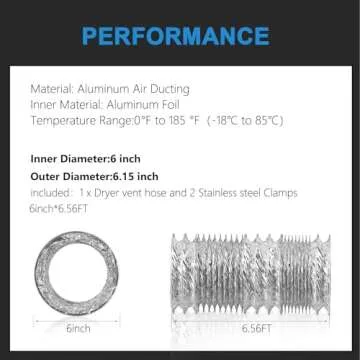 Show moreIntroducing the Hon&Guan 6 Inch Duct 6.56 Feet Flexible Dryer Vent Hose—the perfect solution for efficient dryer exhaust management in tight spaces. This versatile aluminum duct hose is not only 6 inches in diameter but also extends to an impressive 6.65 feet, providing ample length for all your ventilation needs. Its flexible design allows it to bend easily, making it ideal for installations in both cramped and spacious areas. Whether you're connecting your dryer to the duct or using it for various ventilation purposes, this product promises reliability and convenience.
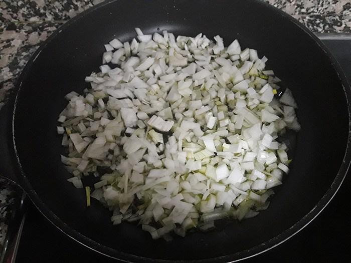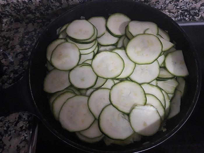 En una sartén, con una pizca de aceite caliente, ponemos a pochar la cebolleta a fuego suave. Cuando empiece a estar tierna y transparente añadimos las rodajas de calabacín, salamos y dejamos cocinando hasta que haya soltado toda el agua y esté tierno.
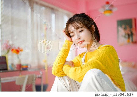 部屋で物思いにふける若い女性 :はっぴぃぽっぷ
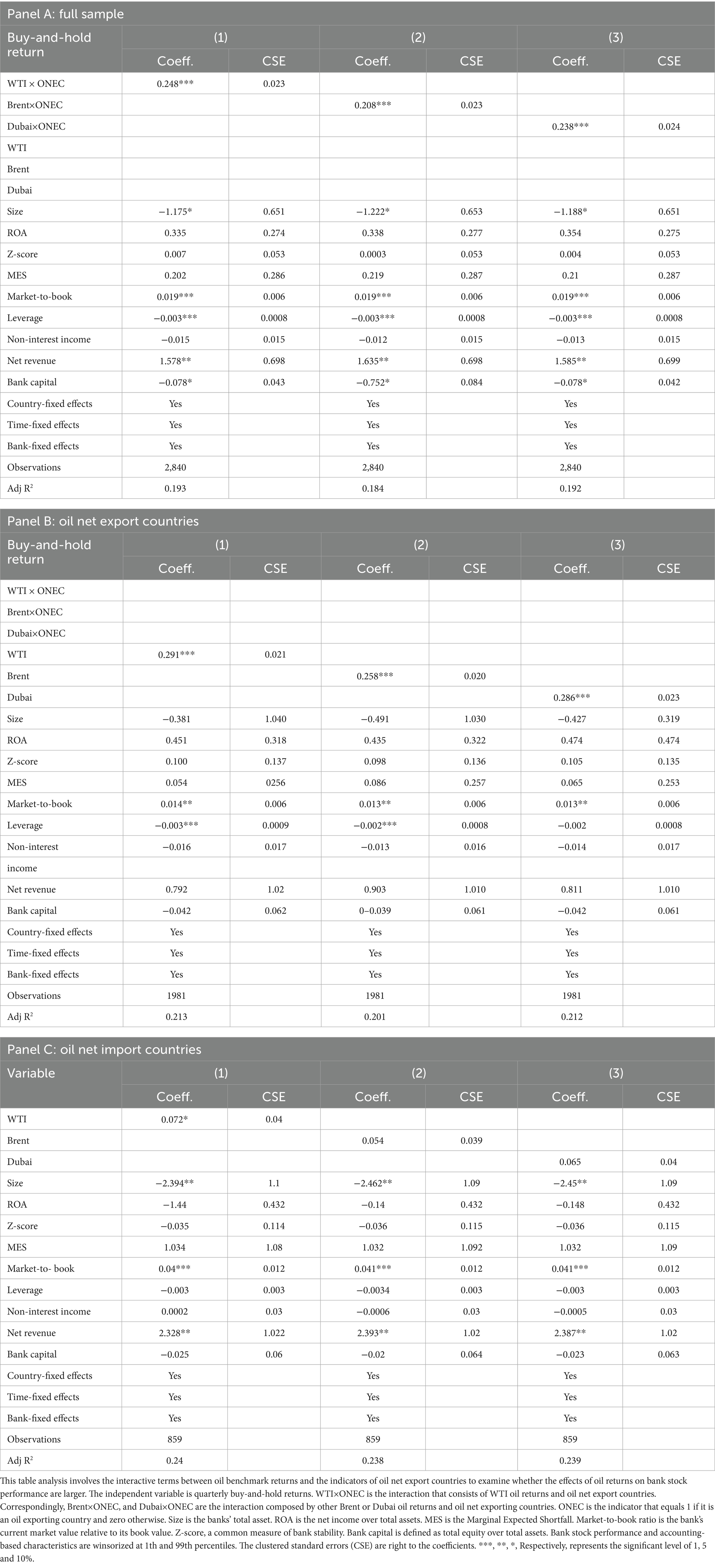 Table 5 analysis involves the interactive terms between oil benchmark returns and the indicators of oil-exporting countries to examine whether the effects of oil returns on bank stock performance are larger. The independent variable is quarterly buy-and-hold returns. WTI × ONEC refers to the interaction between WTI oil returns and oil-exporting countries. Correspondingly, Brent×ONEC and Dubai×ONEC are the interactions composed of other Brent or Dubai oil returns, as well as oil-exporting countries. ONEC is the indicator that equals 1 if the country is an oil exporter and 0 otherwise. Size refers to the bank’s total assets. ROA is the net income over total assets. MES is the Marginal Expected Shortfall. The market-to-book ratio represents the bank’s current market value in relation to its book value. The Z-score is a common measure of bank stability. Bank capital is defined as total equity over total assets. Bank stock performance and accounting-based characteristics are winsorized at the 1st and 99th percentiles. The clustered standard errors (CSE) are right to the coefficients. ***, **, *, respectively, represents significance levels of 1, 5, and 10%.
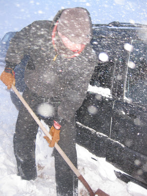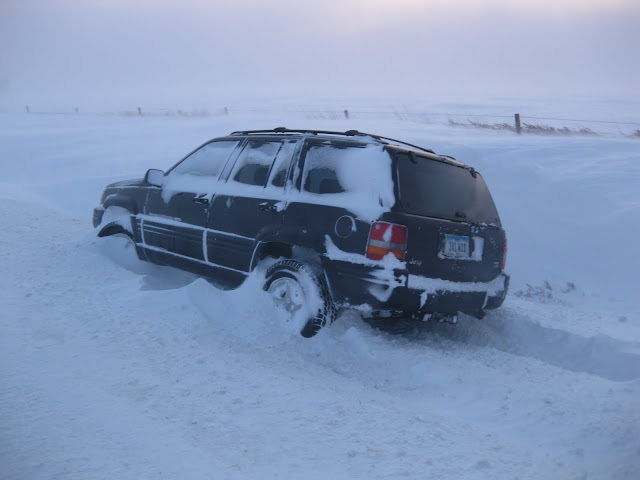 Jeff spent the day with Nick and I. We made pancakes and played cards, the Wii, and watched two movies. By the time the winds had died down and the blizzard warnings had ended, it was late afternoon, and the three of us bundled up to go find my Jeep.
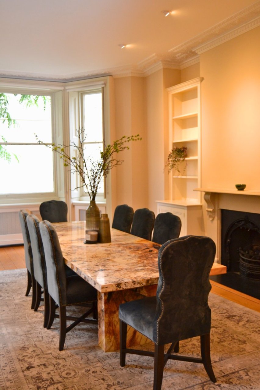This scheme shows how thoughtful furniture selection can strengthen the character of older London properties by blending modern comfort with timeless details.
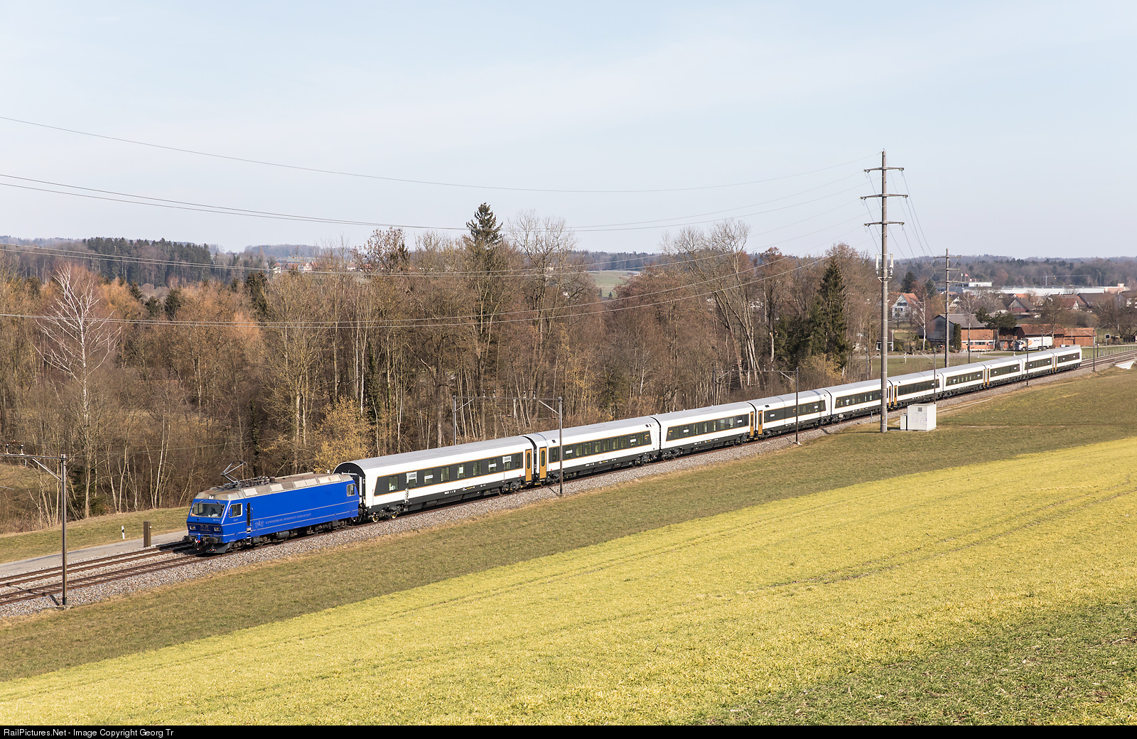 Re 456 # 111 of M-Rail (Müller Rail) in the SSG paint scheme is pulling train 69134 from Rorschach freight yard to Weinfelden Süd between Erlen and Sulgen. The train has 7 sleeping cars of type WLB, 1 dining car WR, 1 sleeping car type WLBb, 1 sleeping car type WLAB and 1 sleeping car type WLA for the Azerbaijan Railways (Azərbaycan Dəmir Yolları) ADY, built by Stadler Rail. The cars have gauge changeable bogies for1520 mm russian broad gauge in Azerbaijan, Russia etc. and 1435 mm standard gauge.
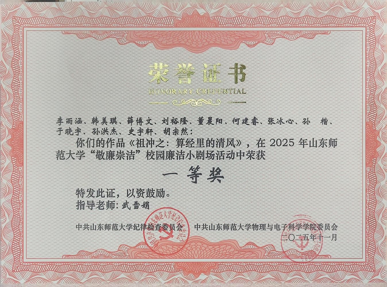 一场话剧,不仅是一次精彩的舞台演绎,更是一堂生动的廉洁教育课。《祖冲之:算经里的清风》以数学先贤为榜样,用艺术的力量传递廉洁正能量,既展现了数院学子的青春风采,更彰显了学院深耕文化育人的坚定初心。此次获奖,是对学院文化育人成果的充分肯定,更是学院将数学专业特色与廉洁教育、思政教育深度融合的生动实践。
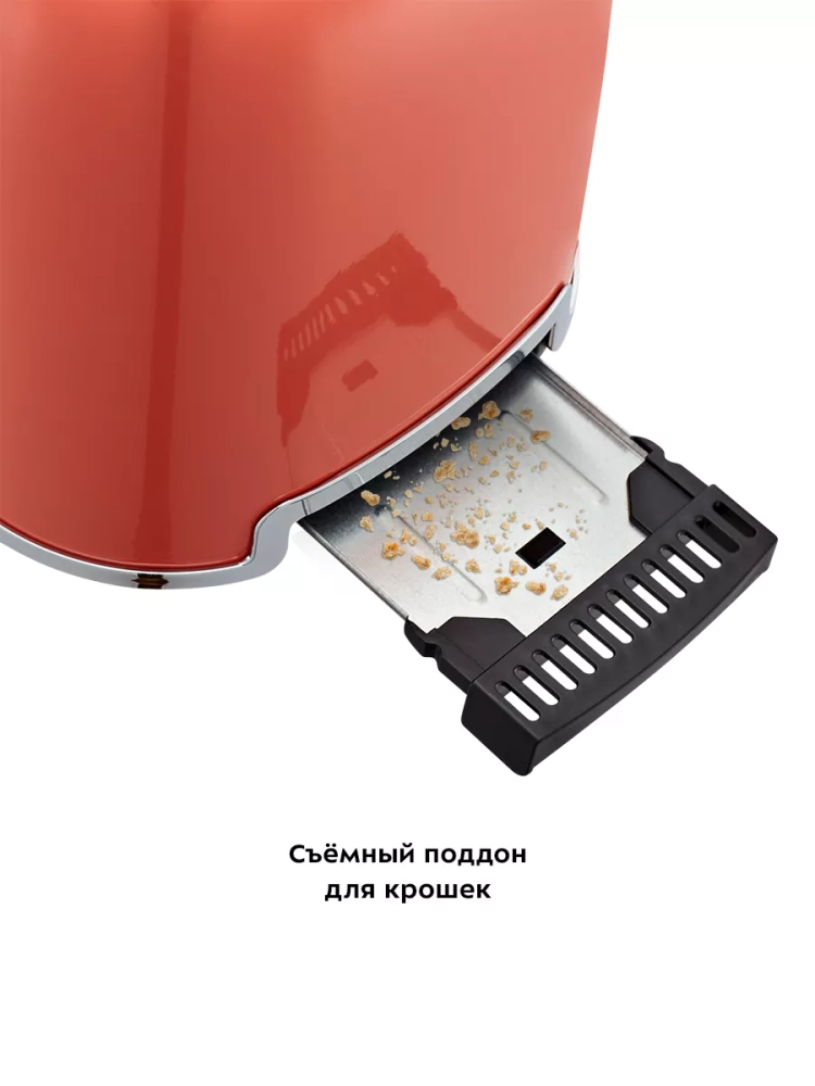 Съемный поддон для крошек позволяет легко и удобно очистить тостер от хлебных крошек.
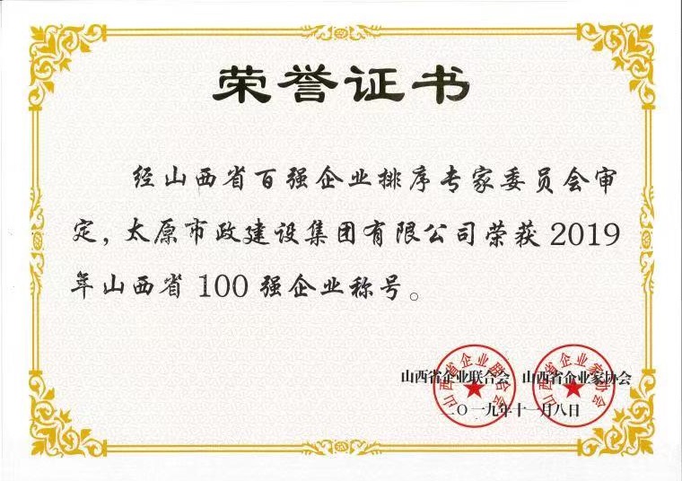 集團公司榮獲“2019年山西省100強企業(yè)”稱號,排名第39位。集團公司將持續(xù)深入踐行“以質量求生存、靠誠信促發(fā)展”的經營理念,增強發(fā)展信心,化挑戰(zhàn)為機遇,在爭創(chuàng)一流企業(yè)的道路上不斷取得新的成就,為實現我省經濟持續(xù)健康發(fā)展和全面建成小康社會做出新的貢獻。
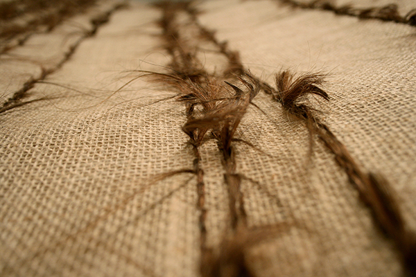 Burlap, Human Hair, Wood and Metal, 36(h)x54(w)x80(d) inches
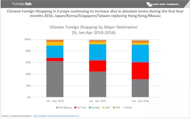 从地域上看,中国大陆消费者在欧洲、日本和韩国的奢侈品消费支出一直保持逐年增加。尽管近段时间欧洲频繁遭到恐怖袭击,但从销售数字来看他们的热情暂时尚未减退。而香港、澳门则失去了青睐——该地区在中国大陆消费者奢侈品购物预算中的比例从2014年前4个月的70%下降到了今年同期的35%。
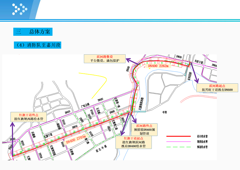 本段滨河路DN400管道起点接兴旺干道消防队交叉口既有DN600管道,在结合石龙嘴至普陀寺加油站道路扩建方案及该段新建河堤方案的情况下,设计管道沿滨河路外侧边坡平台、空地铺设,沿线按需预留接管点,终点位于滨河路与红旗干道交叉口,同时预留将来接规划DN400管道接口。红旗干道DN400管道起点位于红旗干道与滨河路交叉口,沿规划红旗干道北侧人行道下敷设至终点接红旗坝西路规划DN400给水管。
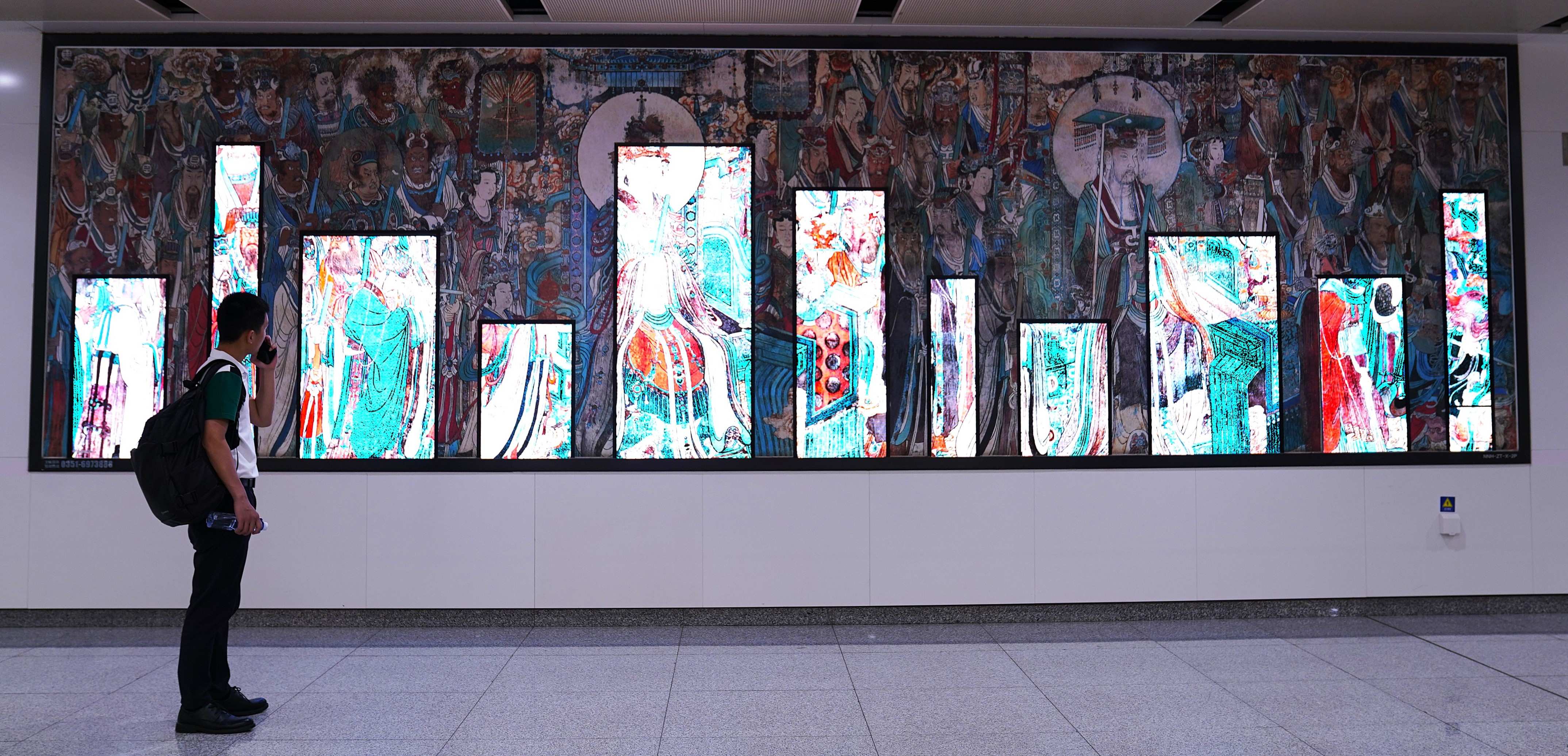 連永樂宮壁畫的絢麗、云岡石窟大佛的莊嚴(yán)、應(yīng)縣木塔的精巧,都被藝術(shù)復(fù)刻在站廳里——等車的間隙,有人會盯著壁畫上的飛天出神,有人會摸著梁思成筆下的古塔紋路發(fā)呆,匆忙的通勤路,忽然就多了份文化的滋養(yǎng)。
++++++++++
Task requirements. Please output the listing above in full, exactly as given, without its images.

Reply to the task.
 Show moreIntroducing the Hon&Guan 6 Inch Duct 6.56 Feet Flexible Dryer Vent Hose—the perfect solution for efficient dryer exhaust management in tight spaces. This versatile aluminum duct hose is not only 6 inches in diameter but also extends to an impressive 6.65 feet, providing ample length for all your ventilation needs. Its flexible design allows it to bend easily, making it ideal for installations in both cramped and spacious areas. Whether you're connecting your dryer to the duct or using it for various ventilation purposes, this product promises reliability and convenience.
 En una sartén, con una pizca de aceite caliente, ponemos a pochar la cebolleta a fuego suave. Cuando empiece a estar tierna y transparente añadimos las rodajas de calabacín, salamos y dejamos cocinando hasta que haya soltado toda el agua y esté tierno.
 部屋で物思いにふける若い女性 :はっぴぃぽっぷ
 Table 5 analysis involves the interactive terms between oil benchmark returns and the indicators of oil-exporting countries to examine whether the effects of oil returns on bank stock performance are larger. The independent variable is quarterly buy-and-hold returns. WTI × ONEC refers to the interaction between WTI oil returns and oil-exporting countries. Correspondingly, Brent×ONEC and Dubai×ONEC are the interactions composed of other Brent or Dubai oil returns, as well as oil-exporting countries. ONEC is the indicator that equals 1 if the country is an oil exporter and 0 otherwise. Size refers to the bank’s total assets. ROA is the net income over total assets. MES is the Marginal Expected Shortfall. The market-to-book ratio represents the bank’s current market value in relation to its book value. The Z-score is a common measure of bank stability. Bank capital is defined as total equity over total assets. Bank stock performance and accounting-based characteristics are winsorized at the 1st and 99th percentiles. The clustered standard errors (CSE) are right to the coefficients. ***, **, *, respectively, represents significance levels of 1, 5, and 10%.
 Jeff spent the day with Nick and I. We made pancakes and played cards, the Wii, and watched two movies. By the time the winds had died down and the blizzard warnings had ended, it was late afternoon, and the three of us bundled up to go find my Jeep.
This scheme shows how thoughtful furniture selection can strengthen the character of older London properties by blending modern comfort with timeless details.
 Re 456 # 111 of M-Rail (Müller Rail) in the SSG paint scheme is pulling train 69134 from Rorschach freight yard to Weinfelden Süd between Erlen and Sulgen. The train has 7 sleeping cars of type WLB, 1 dining car WR, 1 sleeping car type WLBb, 1 sleeping car type WLAB and 1 sleeping car type WLA for the Azerbaijan Railways (Azərbaycan Dəmir Yolları) ADY, built by Stadler Rail. The cars have gauge changeable bogies for1520 mm russian broad gauge in Azerbaijan, Russia etc. and 1435 mm standard gauge.
 一场话剧,不仅是一次精彩的舞台演绎,更是一堂生动的廉洁教育课。《祖冲之:算经里的清风》以数学先贤为榜样,用艺术的力量传递廉洁正能量,既展现了数院学子的青春风采,更彰显了学院深耕文化育人的坚定初心。此次获奖,是对学院文化育人成果的充分肯定,更是学院将数学专业特色与廉洁教育、思政教育深度融合的生动实践。
 Съемный поддон для крошек позволяет легко и удобно очистить тостер от хлебных крошек.
 集團公司榮獲“2019年山西省100強企業(yè)”稱號,排名第39位。集團公司將持續(xù)深入踐行“以質量求生存、靠誠信促發(fā)展”的經營理念,增強發(fā)展信心,化挑戰(zhàn)為機遇,在爭創(chuàng)一流企業(yè)的道路上不斷取得新的成就,為實現我省經濟持續(xù)健康發(fā)展和全面建成小康社會做出新的貢獻。
 Burlap, Human Hair, Wood and Metal, 36(h)x54(w)x80(d) inches
 从地域上看,中国大陆消费者在欧洲、日本和韩国的奢侈品消费支出一直保持逐年增加。尽管近段时间欧洲频繁遭到恐怖袭击,但从销售数字来看他们的热情暂时尚未减退。而香港、澳门则失去了青睐——该地区在中国大陆消费者奢侈品购物预算中的比例从2014年前4个月的70%下降到了今年同期的35%。
 本段滨河路DN400管道起点接兴旺干道消防队交叉口既有DN600管道,在结合石龙嘴至普陀寺加油站道路扩建方案及该段新建河堤方案的情况下,设计管道沿滨河路外侧边坡平台、空地铺设,沿线按需预留接管点,终点位于滨河路与红旗干道交叉口,同时预留将来接规划DN400管道接口。红旗干道DN400管道起点位于红旗干道与滨河路交叉口,沿规划红旗干道北侧人行道下敷设至终点接红旗坝西路规划DN400给水管。
 連永樂宮壁畫的絢麗、云岡石窟大佛的莊嚴(yán)、應(yīng)縣木塔的精巧,都被藝術(shù)復(fù)刻在站廳里——等車的間隙,有人會盯著壁畫上的飛天出神,有人會摸著梁思成筆下的古塔紋路發(fā)呆,匆忙的通勤路,忽然就多了份文化的滋養(yǎng)。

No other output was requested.